Preeclampsia is an obstetrical condition that increases the risk of maternal and fetal complications. Patients with a history of preeclampsia had a 1.68-fold increased risk of pancreatitis over those without preeclampsia [5]. Pancreatitis is strongly associated with preeclampsia (OR 4.21) and notably with preeclampsia with severe features (OR 7.85) [1]. Preeclampsia affects multiple organ systems and studies have shown increased risk of gallstones, diabetes, hypertension, hyperlipidemia, and hepatitis B and C infections which are also risk factors for pancreatitis. Microvascular abnormalities and visceral ischemia are other possible mechanisms through which preeclampsia increases the risk of pancreatitis in pregnancy [5].

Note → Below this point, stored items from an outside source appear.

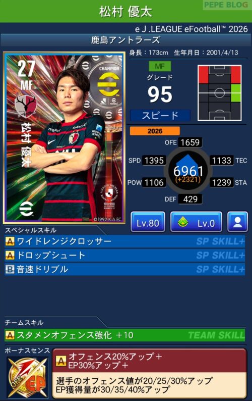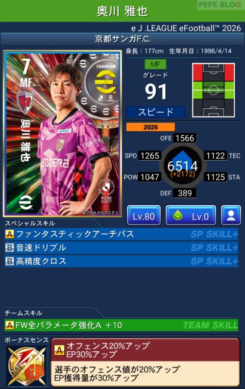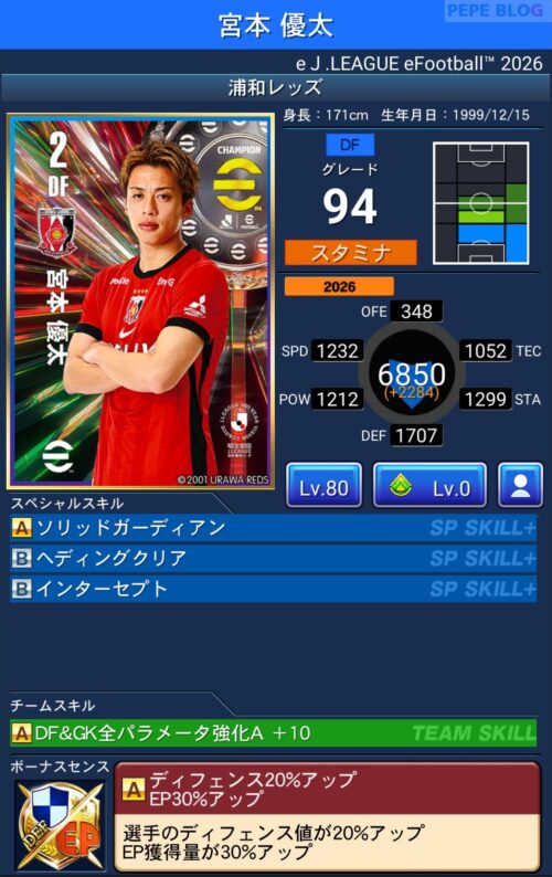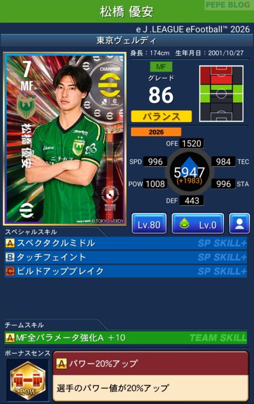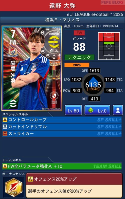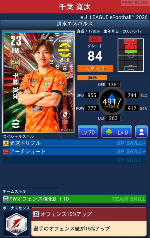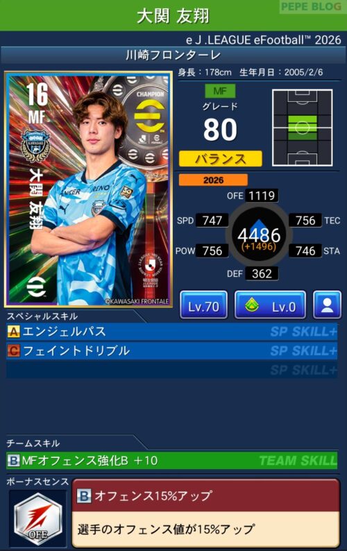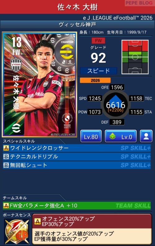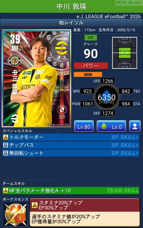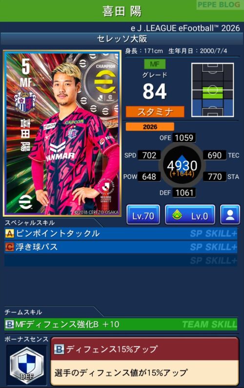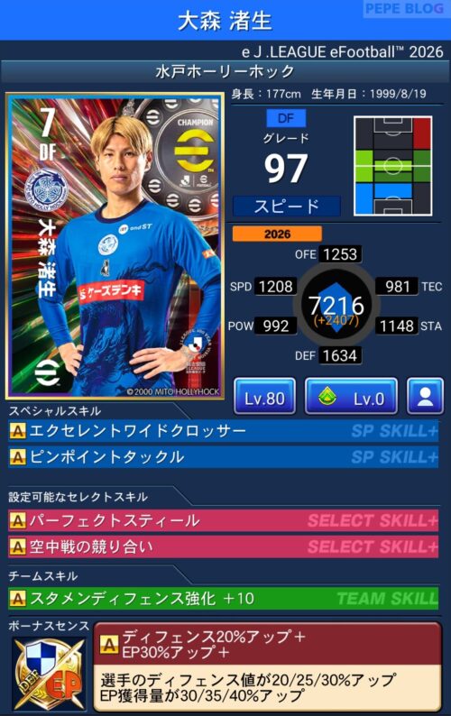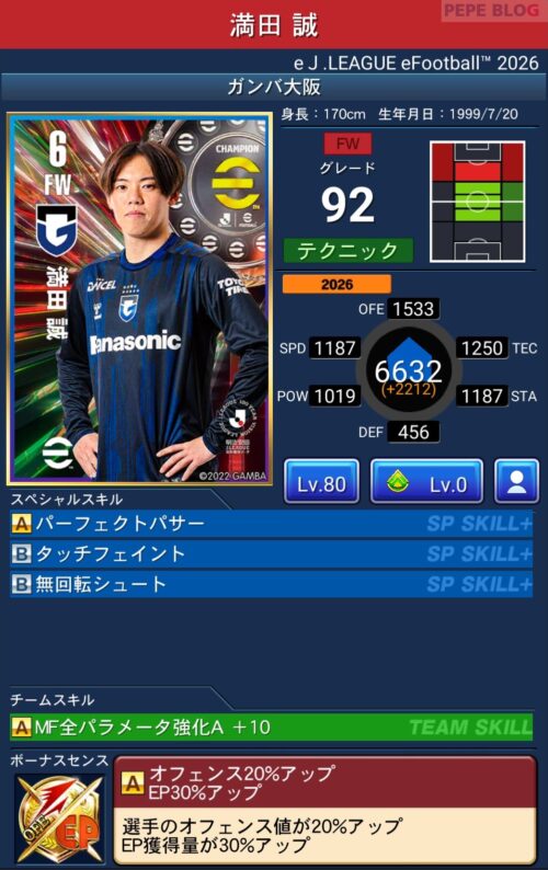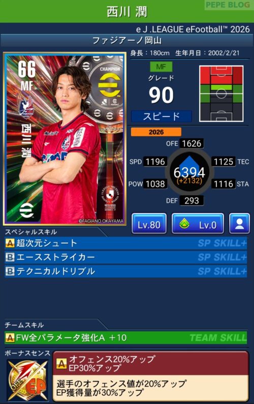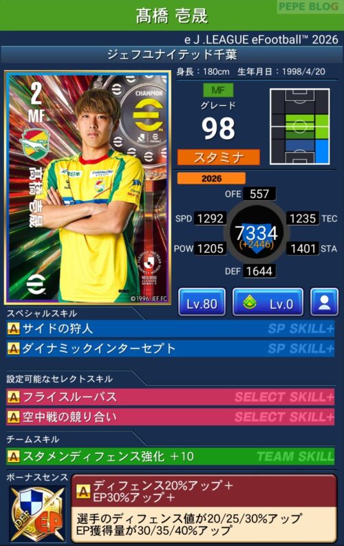 「e J.LEAGUE eFootball 2026シーズン」の開催を記念した期間限定カードです。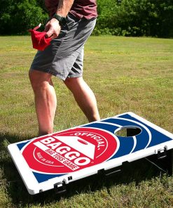 Este completo juego de bolsas de frijoles BAGGO cuenta con diseños audaces en rojo, blanco y azul en los 2 tableros de BAGGO y bolsas de frijoles a juego en rojo y azul. Los dos tableros oficiales de juego de Baggo están construidos de polietileno moldeado por soplado, ligero y de alto impacto, que proporciona una durabilidad duradera para años de diversión. El juego completo se empaca en sí mismo y se transporta como una maleta, convirtiéndolo en el juego más portátil del mercado. Ya sea en una fiesta con amigos, una reunión en el patio trasero o simplemente en una pre-fiesta de cola, ¡ningún otro juego de bolsas de frijoles se compara! BAGGO, el mejor juego de jardín JAMÁS, viene completo con: Dos tableros oficiales de juego de BAGGO, ocho bolsas de frijoles oficiales (4 en cada uno de los 2 colores), un folleto de instrucciones a color de 10 páginas, soporte de montaje en pared (para almacenamiento y exhibición), contadores de puntuación incorporados y regulador de distancia. Todos nuestros tableros BAGGO tienen garantía de por vida.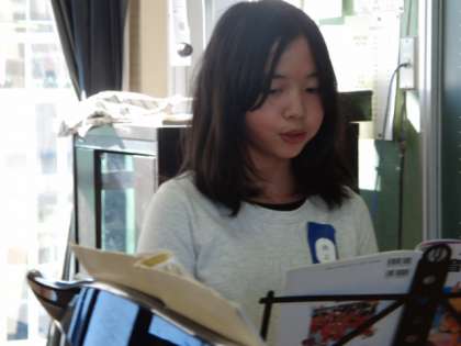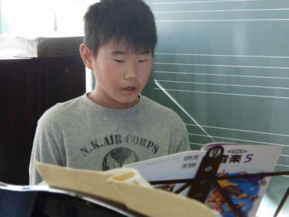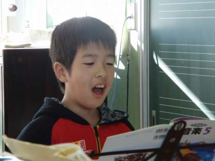 今日は歌のテストです。みんなとても素敵な声をしていますが、テストの時はちょっぴり緊張しています。お腹から声を出して、気持ちよく歌いましょう!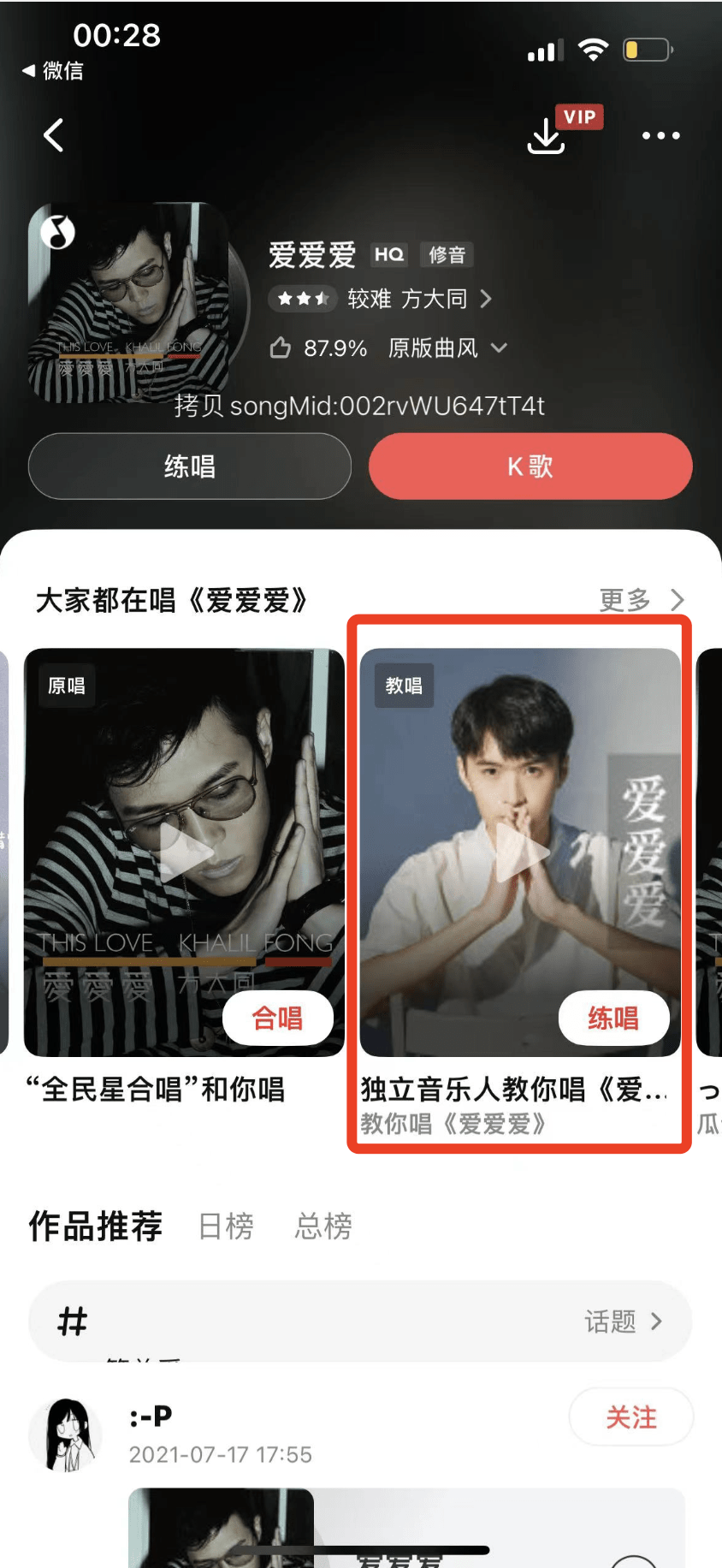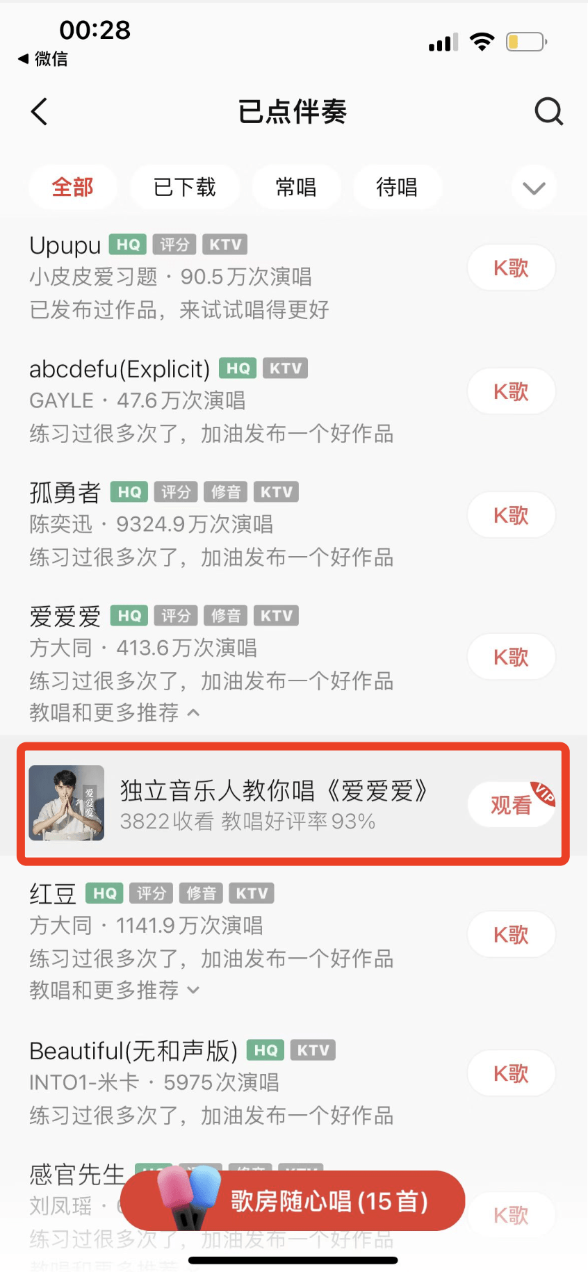 平台为VIP用户免费提供由专业声乐导师录制的单曲教学课程,每条教程课程内导师都会以某一伴奏为例,精讲发声技巧与情感表达,帮助你完美演绎这首伴奏。VIP用户可在伴奏详情页、已点列表等多处找到单曲教唱作品。

Acute pancreatitis is diagnosed with the presence of two of the following three criteria: clinical presentation and symptoms, characteristic imaging findings and increased amylase or lipase to three times the upper limit of normal. Our patient had severe abdominal pain and anorexia in the immediate post-op period, elevated lipase that was not recognized until post-surgery and imaging findings that were not directly diagnostic. She also had findings consistent with bowel ischemia, elevated white blood cell (WBC), increased blood urea nitrogen (BUN), elevated lactate dehydrogenase (LDH), and creatinine which are concerning for severe pancreatitis [6].

Clinical manifestations typically include severe and constant epigastric pain, radiating to the back. However, presentation is not always typical and the onset of pain may be less abrupt, and poorly localized, as was the case with our patient which may have contributed to a delay in diagnosis. Other possible presentations include nausea and vomiting, abdominal distention, guarding, ileus, fever, respiratory symptoms including tachypnea, desaturation, cardiovascular symptoms including hypotension and tachycardia, and/or oliguria [4].

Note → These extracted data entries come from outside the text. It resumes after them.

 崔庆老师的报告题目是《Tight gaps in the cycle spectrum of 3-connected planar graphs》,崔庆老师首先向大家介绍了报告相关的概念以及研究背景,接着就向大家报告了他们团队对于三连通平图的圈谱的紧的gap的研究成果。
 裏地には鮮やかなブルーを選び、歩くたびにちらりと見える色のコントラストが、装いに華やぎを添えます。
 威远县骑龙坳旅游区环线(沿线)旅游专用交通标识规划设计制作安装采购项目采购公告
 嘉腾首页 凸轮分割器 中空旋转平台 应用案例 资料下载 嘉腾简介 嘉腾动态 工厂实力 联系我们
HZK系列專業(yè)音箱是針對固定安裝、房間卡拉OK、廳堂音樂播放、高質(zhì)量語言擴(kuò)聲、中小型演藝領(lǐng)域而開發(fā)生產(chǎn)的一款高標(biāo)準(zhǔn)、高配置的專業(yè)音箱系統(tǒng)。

Possible imaging modalities include contrast-enhanced CT scan, magnetic resonance imaging (MRI), or transabdominal ultrasonography (US). Computed tomography findings consist of focal or diffuse enhancement of the pancreas, inflammatory fat stranding and/or peri-pancreatic fluid collection [4]. Despite the severity and acuity of presentation in this case, the pancreas was unremarkable on CT imaging twice. General abdominal and retroperitoneal fluid was noted and attributed to residual surgical irritant, preeclampsia or bladder rupture. However in retrospect, it could have been significant inflammatory fluid related to pancreatitis even with a normal-appearing pancreas. It is possible that MRI would have shown edema in the pancreas, which was not evident on CT where imaging findings often lag behind clinical presentation.

Comparing different studies showed that serum lipase offers a higher sensitivity than serum amylase in diagnosing acute pancreatitis [7] and also offers a larger diagnostic window, remaining elevated for a longer time. However, lipase may also be elevated as a result of other intra-abdominal pathologies arising from the stomach, bowel and hepatobiliary tract such as bowel obstruction and intestinal ischemia, the latter of which was an intraoperative finding in our patient’s case [8].

On reviewing our patient’s case, her clinical presentation is consistent with a rare case of acute pancreatitis in the setting of severe preeclampsia. This case highlights the importance of maintaining a high index of suspicion for pancreatitis in a patient with preeclampsia.

The differential diagnosis for abdominal pain in a patient with preeclampsia once obstetric causes have been ruled out is typically broadened to include less common but familiar etiologies like subcapsular hematoma, acute fatty liver of pregnancy and postoperative complications such as bleeding, bladder injury, bowel injury, etc. Acute pancreatitis is an easily diagnosed condition with possible serious sequelae if unmanaged that should be added to this list. Remembering this rare but possible complication in pregnant patients, especially with severe preeclampsia, leads to a higher index of suspicion which allows the provider to order appropriate tests and to consult appropriate teams. This approach can help with early diagnosis, management and monitoring for possible complications of acute pancreatitis.